For the witch whose career confines them to an urban environment, regular Craft practice may often seem like a futile gesture, especially if home is a small, gardenless-flat. Even the suburbs can be magically incapacitating, if there is constant noise from traffic and neighbours. People work long hour without having the opportunity to notice the subtle changing of the seasons. Weekends are a constant battle with family, domestic chores and socialising. It’s no wonder that the urban witch has little time left for magical and spiritual development.Traditional Witchcraft for Urban Living deals with the constant barrage of psychic problems that confront the urban witch on a daily basis. Based on the teachings of a traditional Craft background, the author successfully manages to blend the Old Ways with practical contemporary practice. This book is part of the Traditional Witchcraft Series.

When I sought this book out I was drawn to it first by a blog I visited while researching Traditional Witchcraft topics. I can't for the life of me remember which blog it was though. But anyhow, I was hoping for something different. This book was just okay for me. Here is why ...

This book can be summed up with a history lessons in Saxon / Norman life, and how Christians took their sacred spaces and instead of destroying them, they put relics of their own God in them so that it wouldn't be so hard for the Pagan to convert themselves to Christianity. The same goes for the celebrations to bring in the changes in seasons; all of which were given Christian names so that the Pagans could celebrate their holidays at the same time Christians did until the old ways were so far back in history that they were obsolete. I knew all this, and really felt disappointed that 65% of the book was rehashing this instead of giving the information that I thought it was going to, which is ways to bring traditional witchcraft into city living and ways that one can put this into daily 'practice.' 

The truth is, there was very little 'practice' advice in this book. The author basically tells you to cast a circle, grow herbs on your balcony, sit in an old church to meditate, read tarot cards, and collect old poetry so that you can conjure better spells with the use of rhyme and rhythm. Also, if you live outside of the UK, you won't fully engage with the whole text because you will be bored listening to her talk about locations of churches and such. 

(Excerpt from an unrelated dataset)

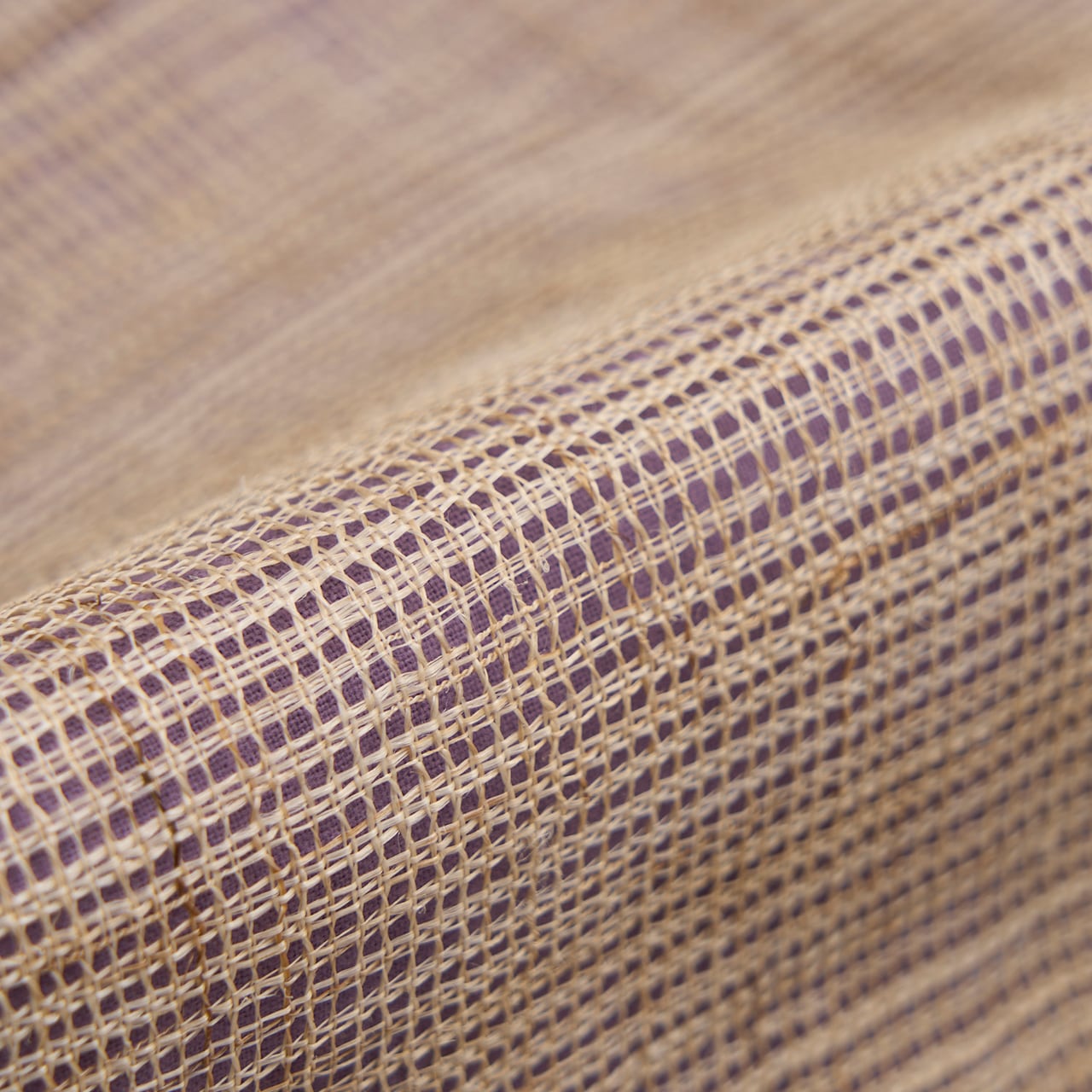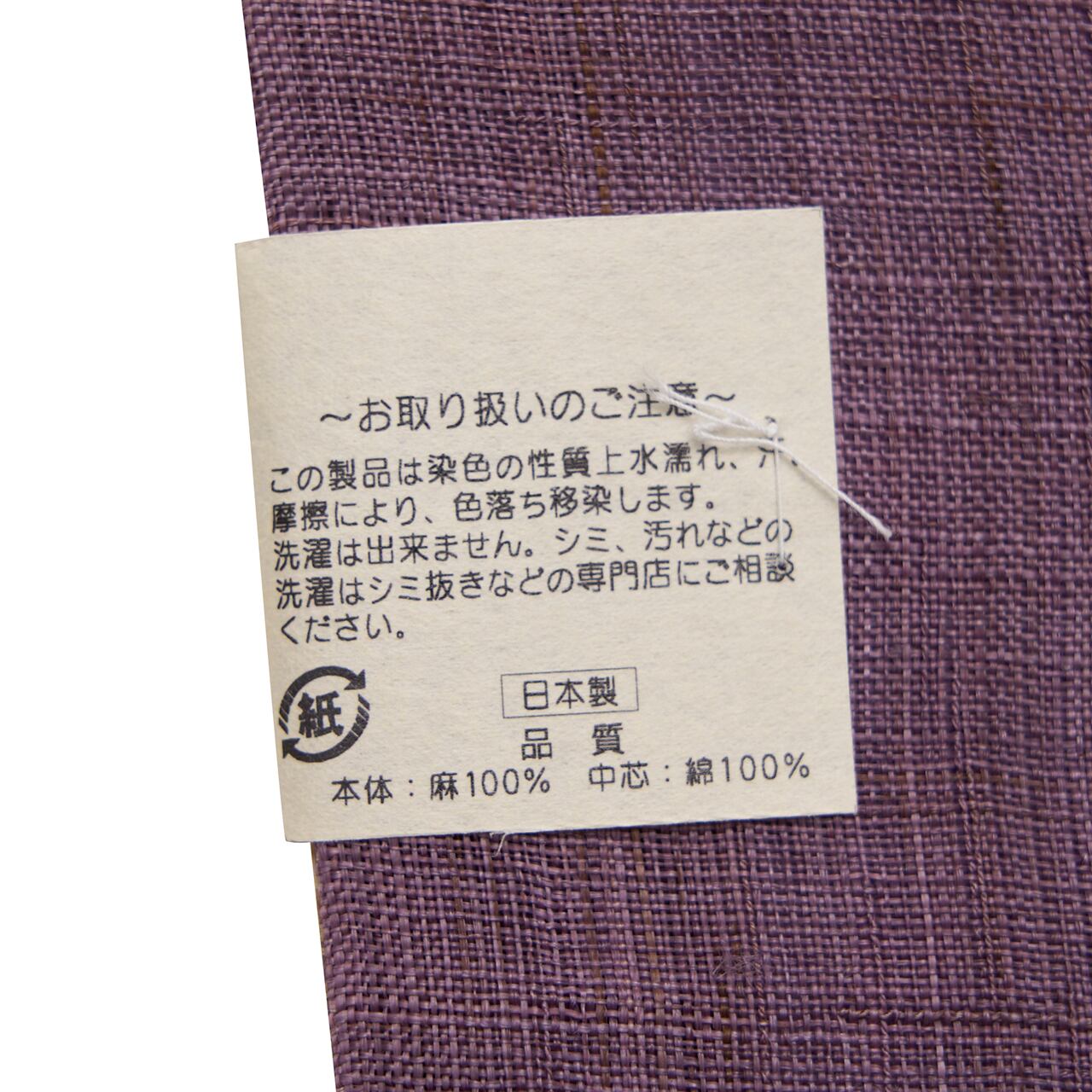 表の麻の糸で織られた面は、絽目のある透かし織になっていますので、裏面の茄子紺色が透けて見えてニュアンスのある色目となっています。

By the end of the book she makes some interesting statements about how others practice the craft and how meditating for hours only to end with a "feel good factor" basically isn't the craft and you are just kidding yourself. Even though I believe that magic is much more complex than that, she didn't mince her words any. So this might be offensive to some readers. She goes on to say that experienced witches don't work at the textbook level, and they learn to sense things much differently than seeing rainbows and unicorns. (well, I did put my own words there in summery, but this is what was meant to be heard). I get all this, because if I didn't I wouldn't be seeking traditional witchcraft books  in the first place. I get it. Stores are full of fluffy new age crap -- well duh. So tell me more about the stuff that isn't crap.

I guess I was hoping for more traditional ritual ideas because I find it difficult to bring the craft into my daily life. So far the only way I have found it possible has been through cooking. But hey, onto the next book, shall we?

I won't buy another of the author's book because of the yawning factor, but also because it is full of repetitive material, and typos. There is very little that is useful here. She talks to you throughout the text as if you are a beginner and then other times as if you already know everything. I hope someone comes out with some good books on this subject sooner, rather than later, but I have my doubts.